====== Task inputs

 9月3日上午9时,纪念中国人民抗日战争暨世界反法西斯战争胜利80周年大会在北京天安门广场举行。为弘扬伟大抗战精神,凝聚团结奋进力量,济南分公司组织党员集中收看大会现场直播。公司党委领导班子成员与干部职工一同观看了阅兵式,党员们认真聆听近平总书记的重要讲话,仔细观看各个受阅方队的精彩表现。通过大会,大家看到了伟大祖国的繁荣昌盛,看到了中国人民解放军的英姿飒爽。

============
====== Task inputs

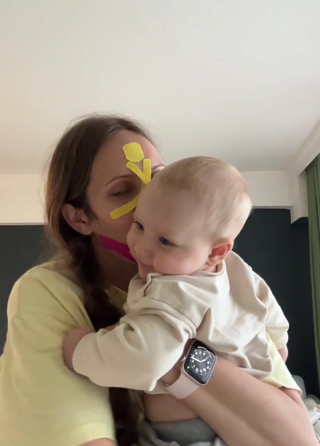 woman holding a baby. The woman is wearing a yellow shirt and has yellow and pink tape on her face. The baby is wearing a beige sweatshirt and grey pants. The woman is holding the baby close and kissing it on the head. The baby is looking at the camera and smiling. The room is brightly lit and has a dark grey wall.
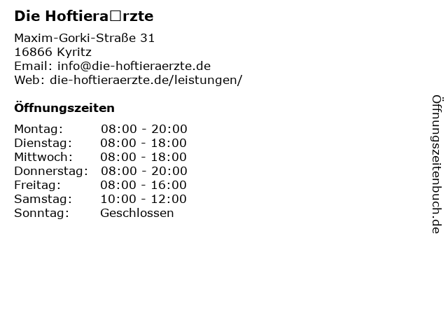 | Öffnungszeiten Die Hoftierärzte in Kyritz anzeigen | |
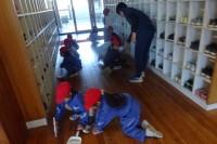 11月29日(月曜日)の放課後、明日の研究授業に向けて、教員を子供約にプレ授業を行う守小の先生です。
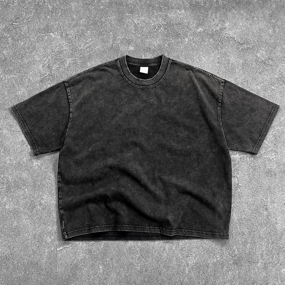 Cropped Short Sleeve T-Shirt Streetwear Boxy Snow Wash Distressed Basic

============
====== Task inputs

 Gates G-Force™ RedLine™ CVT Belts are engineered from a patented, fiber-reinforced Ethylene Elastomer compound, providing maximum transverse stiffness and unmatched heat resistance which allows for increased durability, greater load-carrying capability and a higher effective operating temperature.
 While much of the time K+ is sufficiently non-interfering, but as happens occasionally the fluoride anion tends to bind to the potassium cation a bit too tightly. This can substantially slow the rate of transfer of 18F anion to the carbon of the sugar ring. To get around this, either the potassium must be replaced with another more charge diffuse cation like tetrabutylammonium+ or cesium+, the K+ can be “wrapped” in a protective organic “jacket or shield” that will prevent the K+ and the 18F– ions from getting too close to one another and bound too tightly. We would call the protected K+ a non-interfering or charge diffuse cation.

============

▶ [What you will do]
Whenever the word "from" shows up in a line of the entries above, copy that line.

▶ [Answer box]
 Gates G-Force™ RedLine™ CVT Belts are engineered from a patented, fiber-reinforced Ethylene Elastomer compound, providing maximum transverse stiffness and unmatched heat resistance which allows for increased durability, greater load-carrying capability and a higher effective operating temperature.
 While much of the time K+ is sufficiently non-interfering, but as happens occasionally the fluoride anion tends to bind to the potassium cation a bit too tightly. This can substantially slow the rate of transfer of 18F anion to the carbon of the sugar ring. To get around this, either the potassium must be replaced with another more charge diffuse cation like tetrabutylammonium+ or cesium+, the K+ can be “wrapped” in a protective organic “jacket or shield” that will prevent the K+ and the 18F– ions from getting too close to one another and bound too tightly. We would call the protected K+ a non-interfering or charge diffuse cation.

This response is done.